Degli Esposti M, Ballester F, Solaini G, Lenaz G
Biochem J. 1987 Jan 1;241(1):285-90. doi: 10.1042/bj2410285.
We have studied the c.d. spectra of the 'Rieske' iron-sulphur protein isolated from the ubiquinol: cytochrome c reductase (bc1 complex) of bovine heart mitochondria. Both the oxidized and the reduced form of the 'Rieske' protein display a series of well-resolved c.d. features resembling those reported for the 'Rieske'-type iron-sulphur protein purified from the bacterium Thermus thermophilus [Fee, Findling, Yoshida, Hille, Tarr, Hearshen, Dunham, Day, Kent & Münck (1984) J. Biol, Chem. 259, 124-133]. In particular, the difference spectra, reduced minus oxidized, of both proteins have a distinctive negative band at 497 nm. The c.d. features characteristic of the isolated 'Rieske' protein were found in the dichroic spectra of the whole bc1 complex in the region between 450 and 520 nm. The reduction of the enzyme by ascorbate or ubiquinol is accompanied by the formation of a negative band at about 500 nm that corresponds, in all its c.d. properties, to the specific dichroic absorption of the reduced 'Rieske' iron-sulphur protein.

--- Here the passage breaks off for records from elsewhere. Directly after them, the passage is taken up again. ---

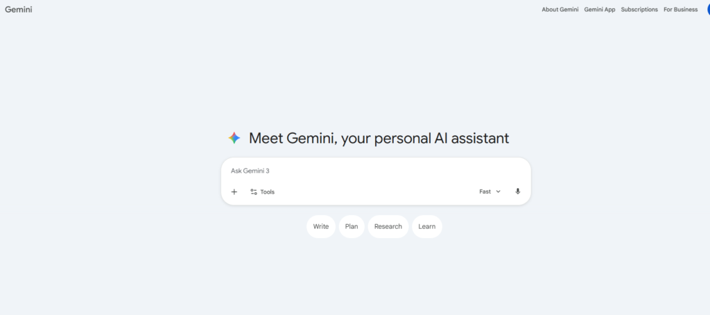 Gemini is Google's flagship AI assistant, and it comes with one major advantage that the others can't match: it's baked directly into the Google ecosystem. If your business runs on Google Workspace, Gmail, Docs, Sheets, Drive, Google Search Gemini is designed to work seamlessly alongside all of it.
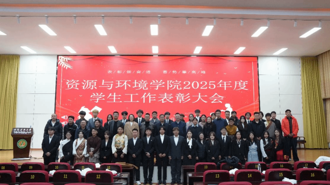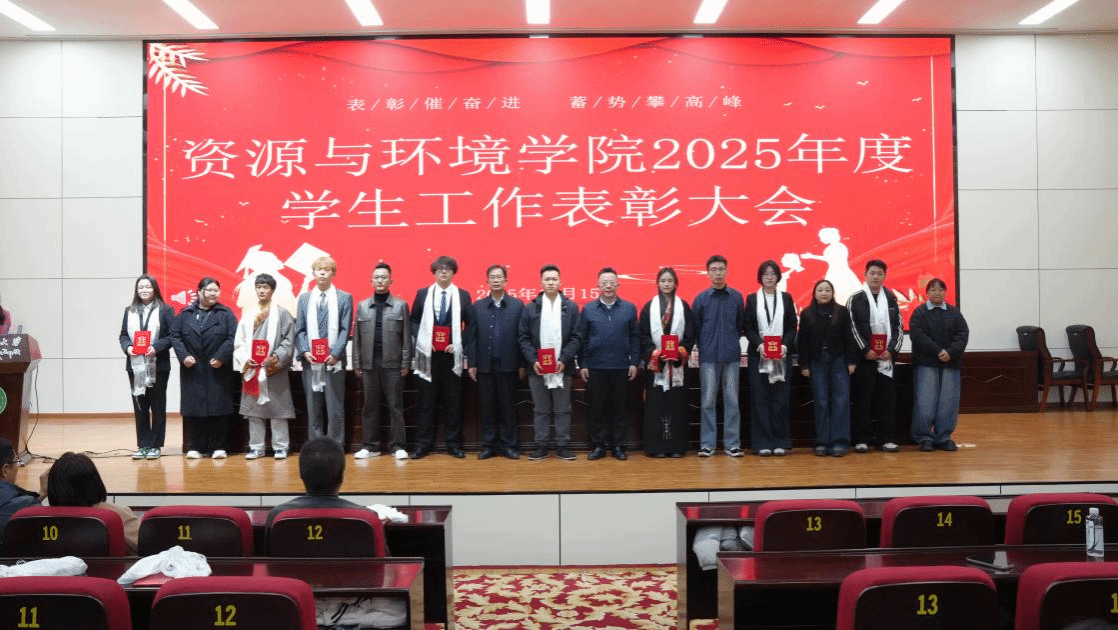 为激励学生干部不断提升工作能力,建设高素质学生工作队伍,推动学院学生工作再上新台阶,11月15日晚18:00时,“青春逐梦绽芳华,砥砺奋进启新程”资源与环境学院2025年度学生工作表彰大会在一号行政楼一楼会议室隆重举行。林草学院党委书记(原资源与环境学院党委副书记)邹联付、资源与环境学院党委副书记张洪斌、林草学院党委副书记扎西顿珠,学生辅导员、班主任代表以及党员工作站、团总支、学生会、社团成员和学生代表共同参会。会议由章国豪老师主持。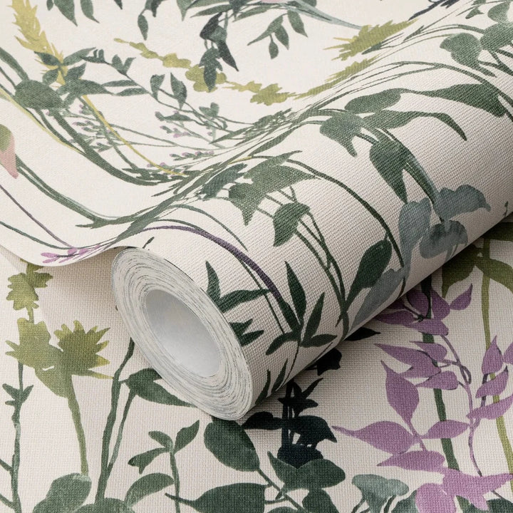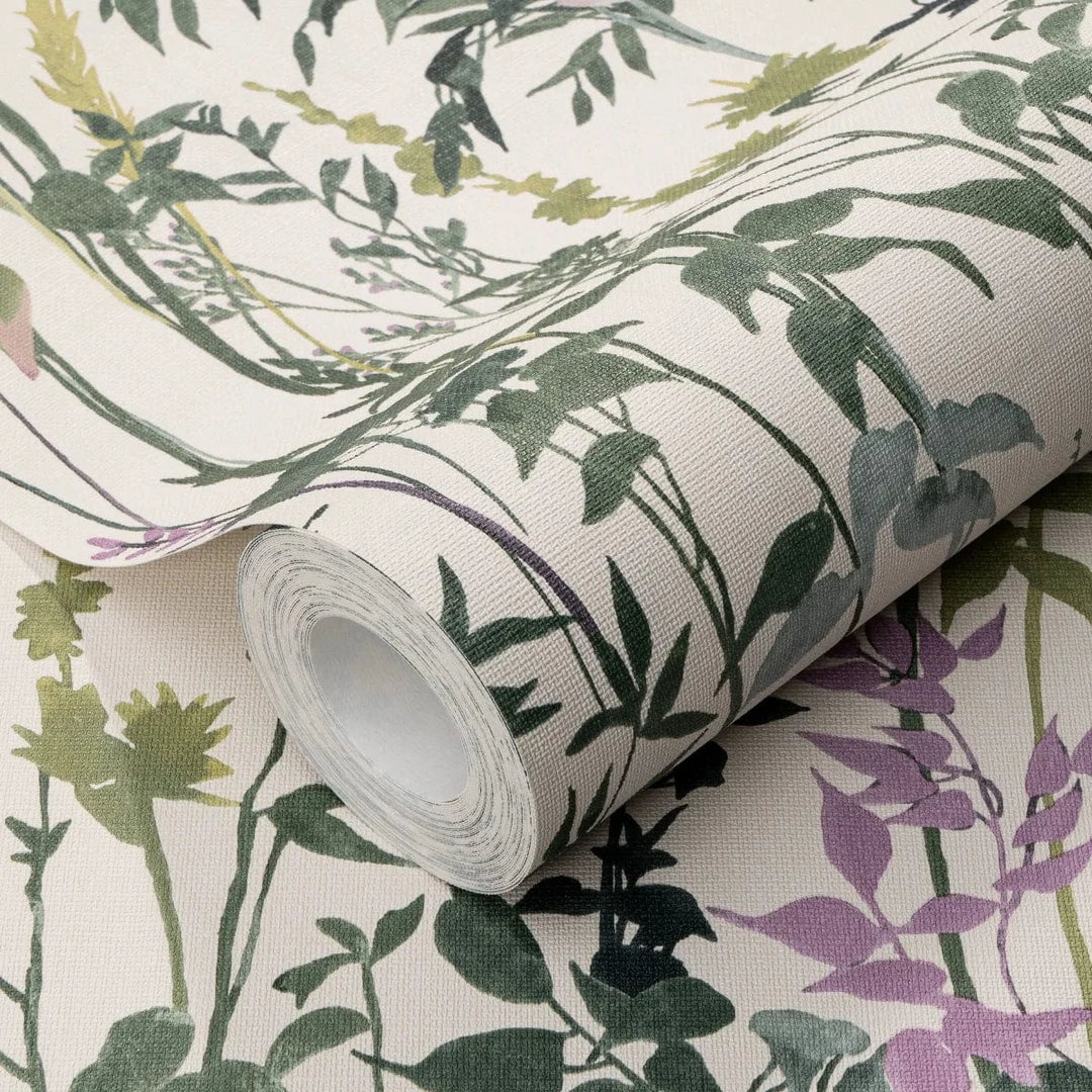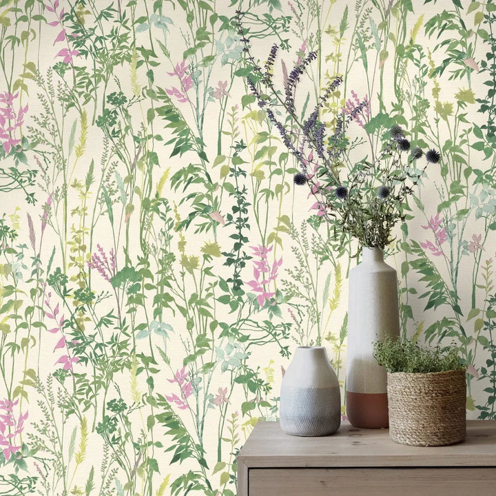 Krēmzaļas lauku stila tapetes ar dabas motīvu ideāli piemērotas mierīgai un siltai telpas atmosfērai.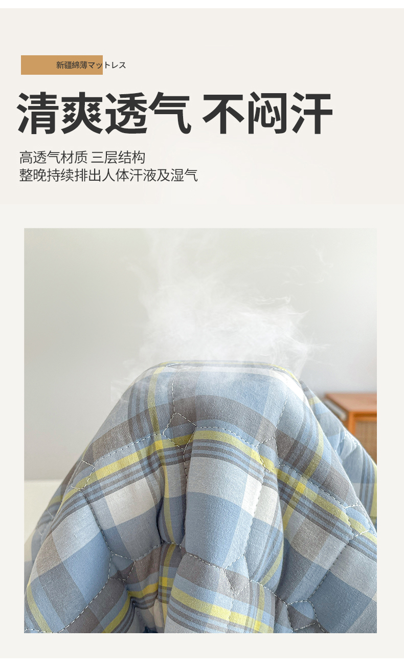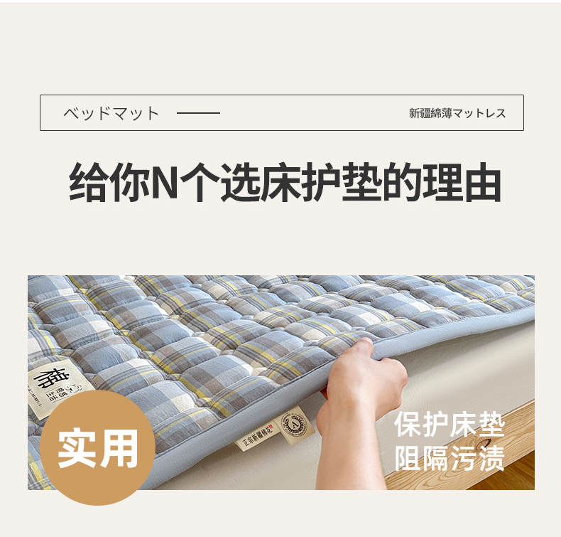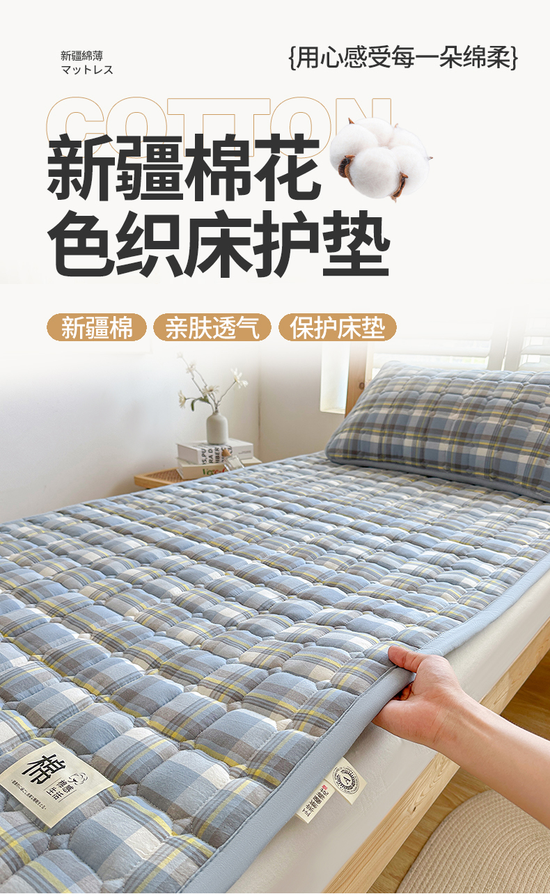 • 91家纺网 家纺一手货源 找家纺 梵朴 2025新款A类无印风水洗棉夹棉新疆棉花宿舍学生床垫床护垫 深灰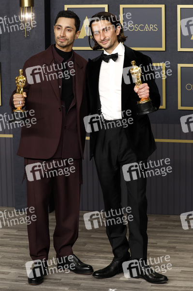 Riz Ahmed und Aneil Karia mit den Oscars für den besten Kurzfilm 'The Long Goodbye' im Press Room der Oscar Verleihung 2022 / 94th Annual Academy Awards im Hollywood & Highland Center. Los Angeles, 27.03.2022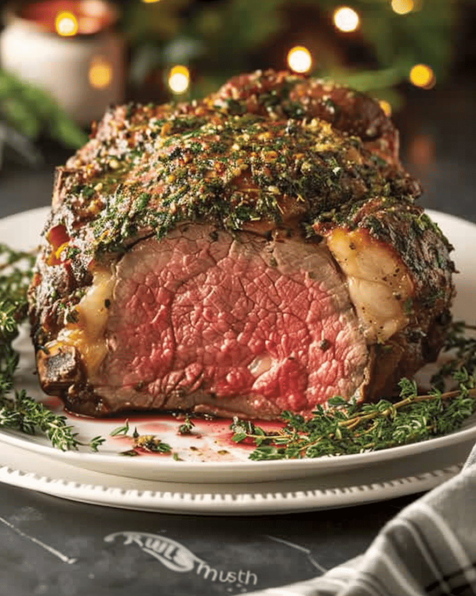 A tender and juicy prime rib roast with a garlic-herb crust, inspired by steakhouse flavors. Perfectly roasted with minimal effort, it’s a stunning centerpiece for holidays or special gatherings.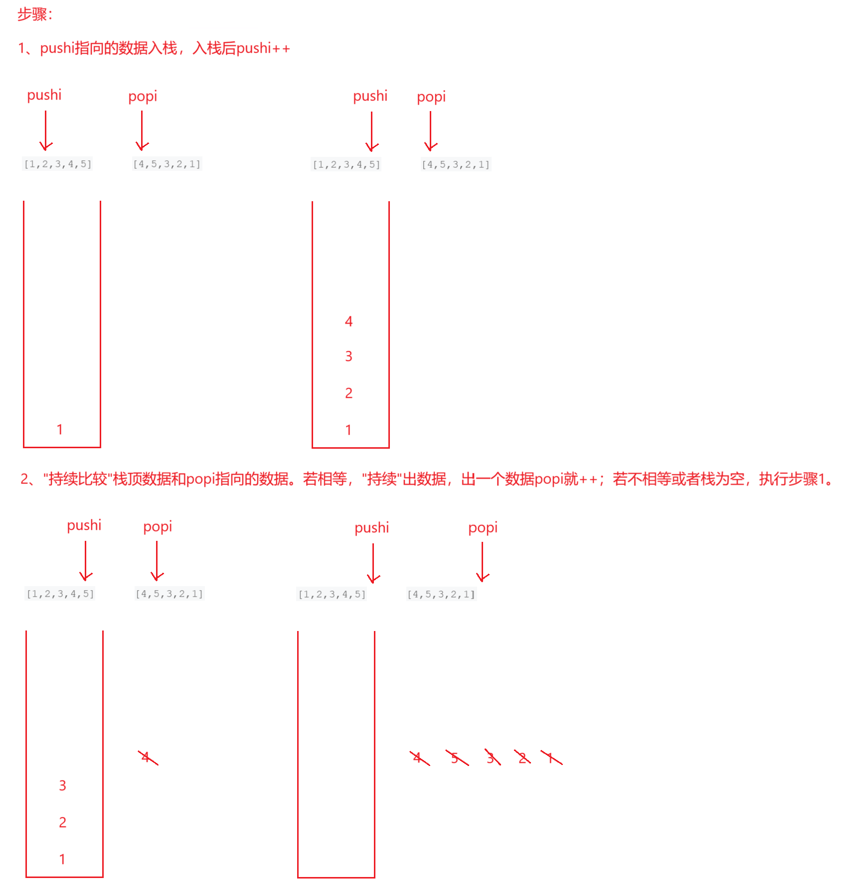 // 持续比较栈顶元素和popi指向的元素:若相等,持续出栈,popi++;若不相等或栈为空,执行步骤1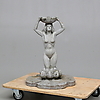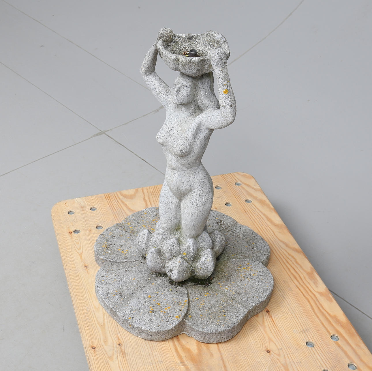 Naken kvinnofigur på näckrosblad. Otydligt signerad. Diameter ca 44. Höjd ca 64 cm.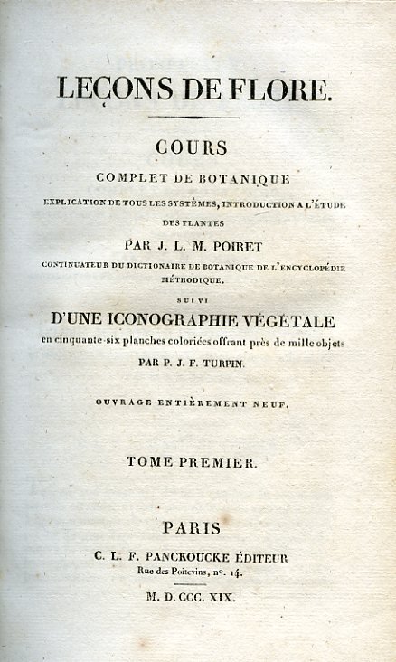 Leçons de Flore. Cours complet de botanique. Explication de tous les systèmes, introduction a l'études des plantes. Suivi d'une Iconographie Végétale en cinquante - six planches coloriées offrant près de mille objets. Ouvrage entièrement neuf | Libri antichi e moderni | Poiret Jean Louis Marie - Turpin Pierre Joseph François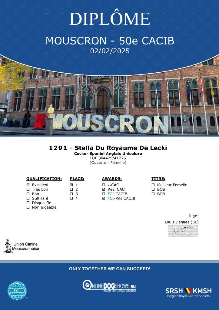 - Mouscron 2025 (Belgique) : 1er Excellent classe Ouverte, RCAC & RCACIB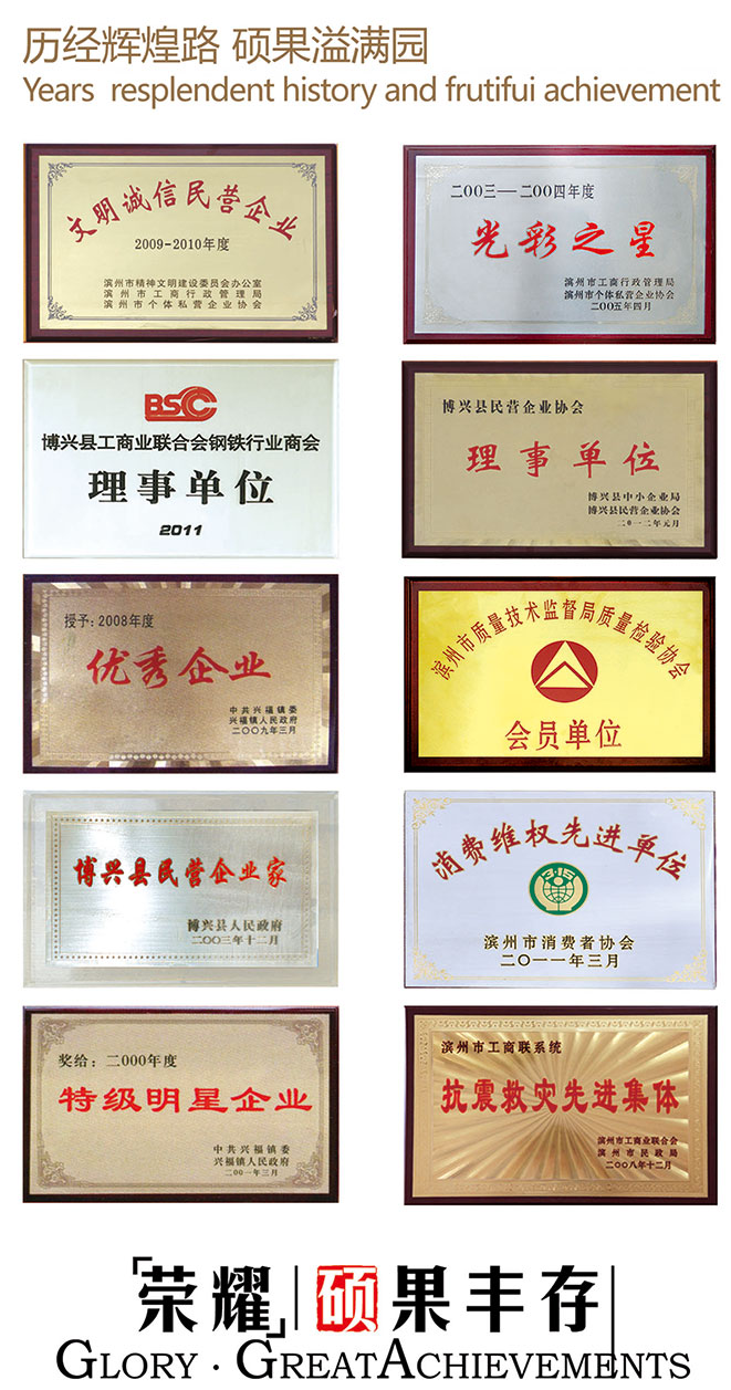 公司多次獲得“文明誠信民營企業(yè)”、“消費者維權(quán)先進單位”、“特級明星企業(yè)”、“興福鎮(zhèn)優(yōu)秀企業(yè)”、“濱州市工商管理局光彩之星”、“博興縣民營企業(yè)家”等榮譽稱號。
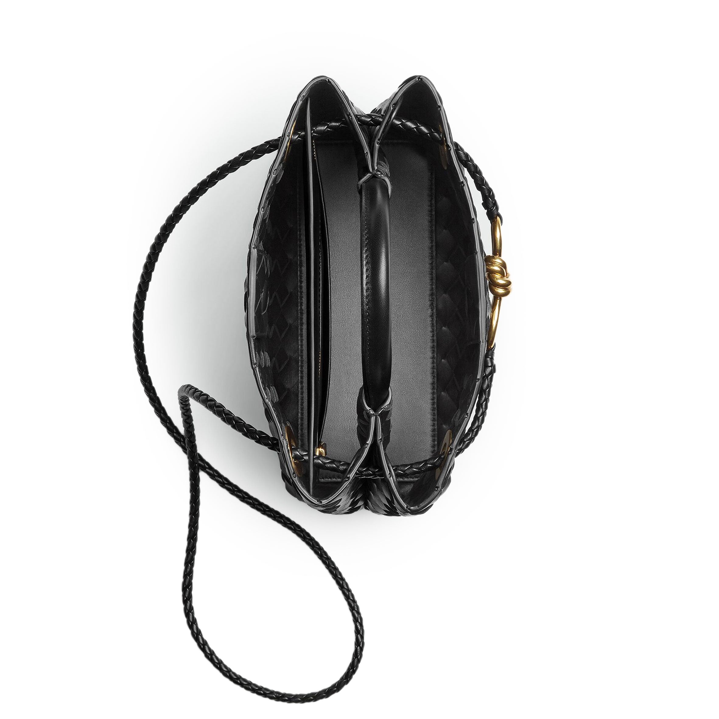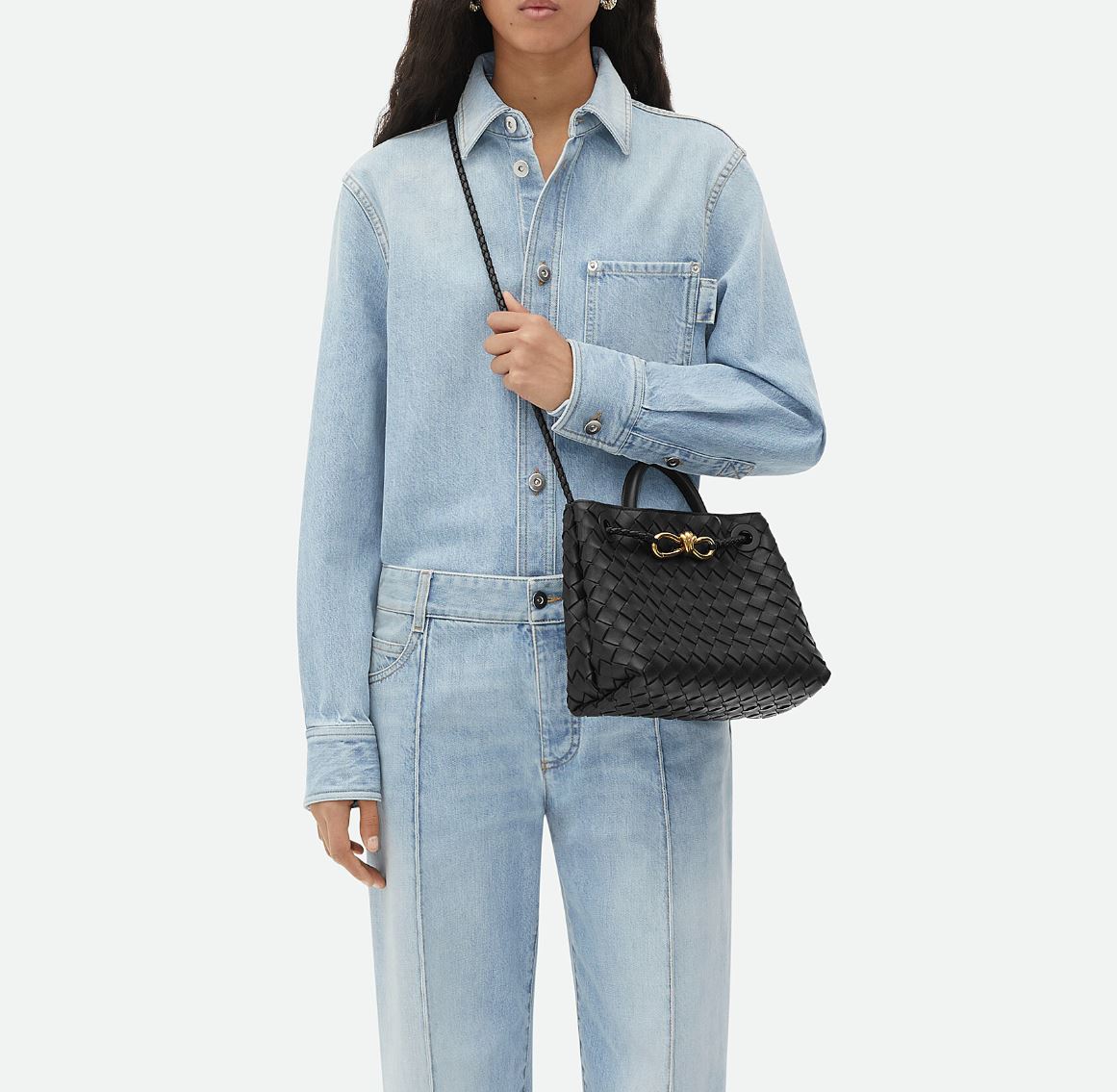 Andiamo is a new expression of the signature Intrecciato weave realised by the expert craftsmanship of artisans in the house’s atelier. Its name, Andiamo, “Let’s go” in Italian, embodies the spirit of the bag, a tribute to going places and the concept of craft in motion. The bag features a timeless Intrecciato silhouette woven by hand. A metal knot adorns and fastens its sliding braided straps, allowing it to be adjusted over the shoulder or across the body, giving the bag a soft tapered volume.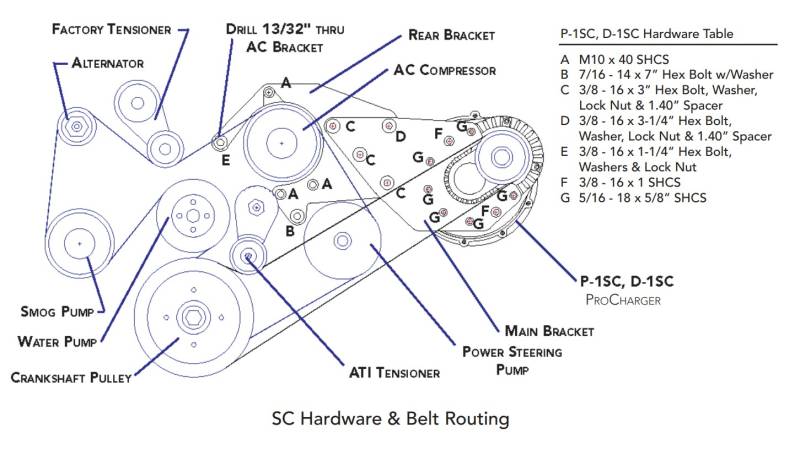 New ProCharger mounting bracket (8 or 12 rib tensioner available in options) for the 1986-93 Mustang. Standard satin/grey metal finish, polished or black powdercoat optional. Standard fitment for all P-1 through F-1 Procharger Head Units. Includes idler pullies, spacers and install hardware.

细胞色素c还原酶(bc1复合物)中分离出的“里斯克”铁硫蛋白的圆二色光谱。“里斯克”蛋白的氧化态和还原态均显示出一系列分辨率良好的圆二色特征,类似于从嗜热栖热菌中纯化出的“里斯克”型铁硫蛋白所报道的特征[费伊、芬德林、吉田、希尔、塔尔、赫申、邓纳姆、戴、肯特和明克(1984年)《生物化学杂志》259卷,124 - 133页]。特别是,两种蛋白的差光谱(还原态减去氧化态)在497 nm处都有一个独特的负峰。在450至520 nm区域的整个bc1复合物的二色光谱中发现了分离出的“里斯克”蛋白的特征性圆二色特征。用抗坏血酸或泛醇还原该酶时,会伴随着在约500 nm处形成一个负峰,该负峰在所有圆二色特性上都与还原态“里斯克”铁硫蛋白的特定二色吸收相对应。